When one is young it seems like a very strange and safe place,
But now that I have changed it feels merely odd, cold
And full of interest.
          --John Ashbery, "A Wave"

Sometimes I sense that to put real confidence in my memory I have to get to the end of all rememberings. That seems to say that I forego remembering. And now that strikes me as an accurate description of what it is to have confidence in one's memory.
          --Stanley Cavell, The Claim of Reason


Tuesday, November 07, 2006
I remember writing in my graph-paper Composition book journal "Sixteen today," with a kind of wistfulness, on my sixteenth birthday (November 7th). I was wistful about Belinda.
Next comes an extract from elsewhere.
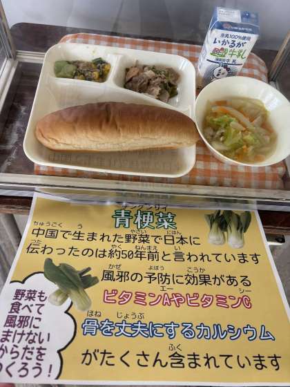 チンゲンサイは、中国で生まれた野菜で日本に伝わったのは、約50年前と言われています。風邪の予防に効果があるビタミンAやビタミンC骨を丈夫にするカルシウムがたくさん含まれています。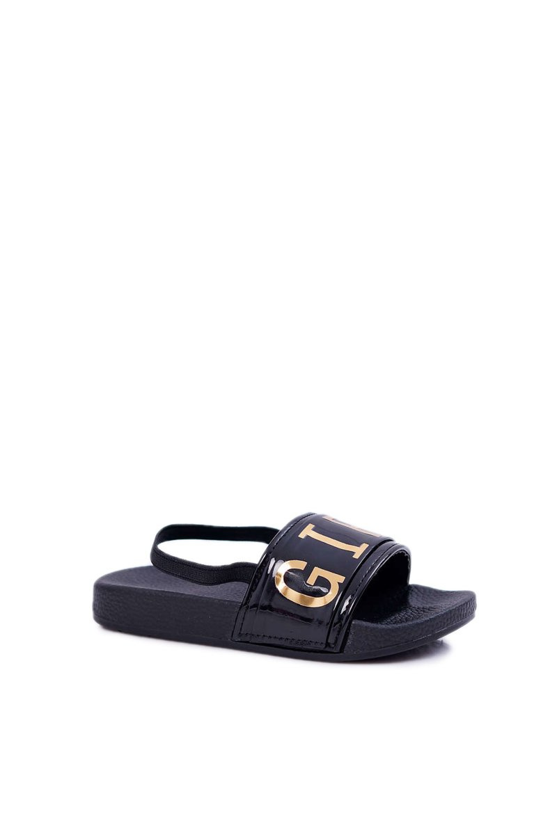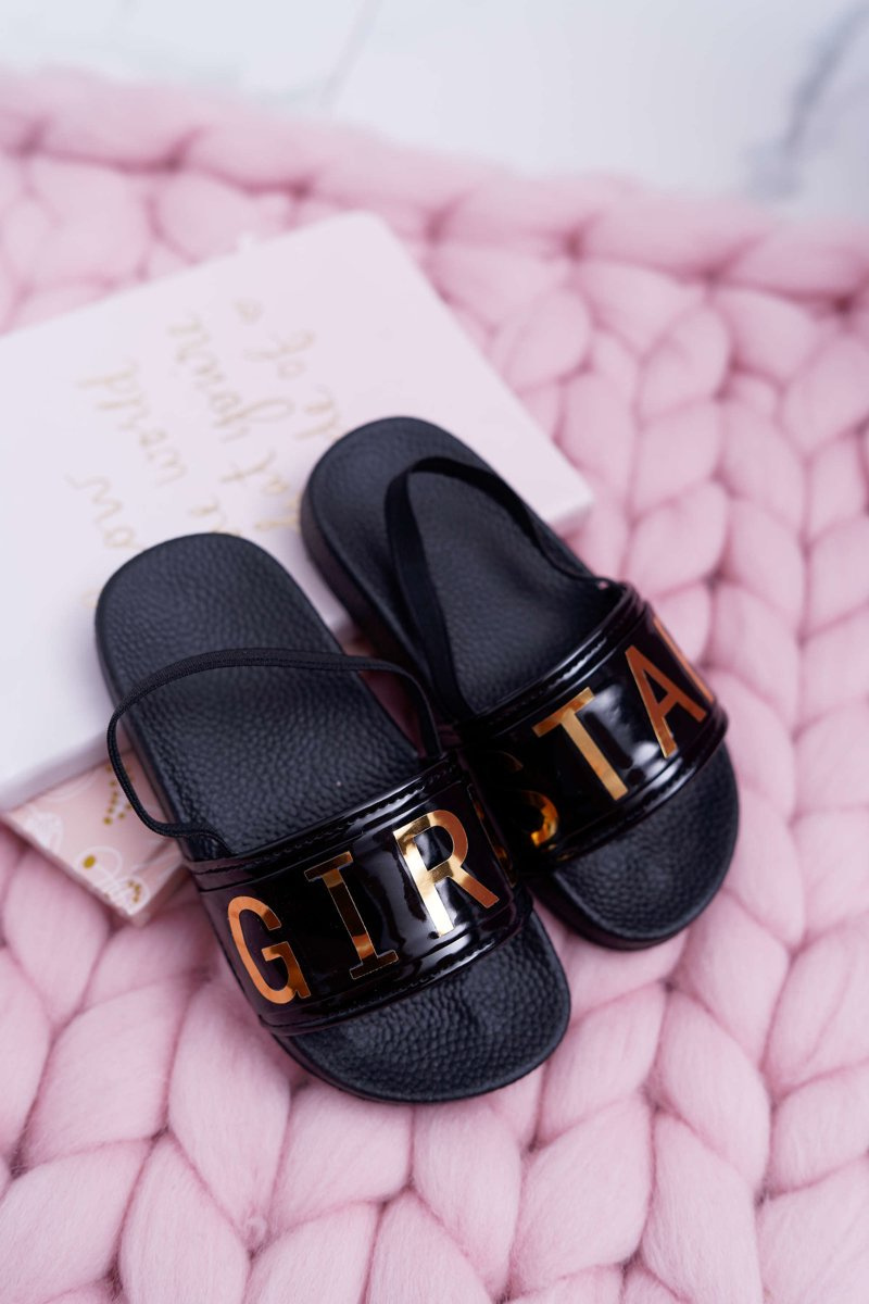 Dziecięce Klapki Dziewczęce Złoty Napis Girl Star Czarne Bambi

It was a few weeks after
this day which of course didn't pan out. By now she was going with the close-on-the-attendance-sheet Bill F, and not me. I remember seeing my cousin Zlata that day. She'd just started at my school, a year or two back. I was sitting in the common area, at the top of the stairs with my journal open, writing the "Sixteen today" entry. She had a nice smile, and was just about to be part of her own group there and not need me to be nice to her any more. I registered how pretty she was, but I was more interested in being saturated with hopeful melancholy about Belinda. I think I got the tone with which I meant to infuse "sixteen today" out of Death of the Heart, which we read in a class that I took partly because a lot of Belinda's group was in it: "So I am with them, in London." (I mention this in the same entry.) It was a good tone for the writer I wanted to be writing the journals of.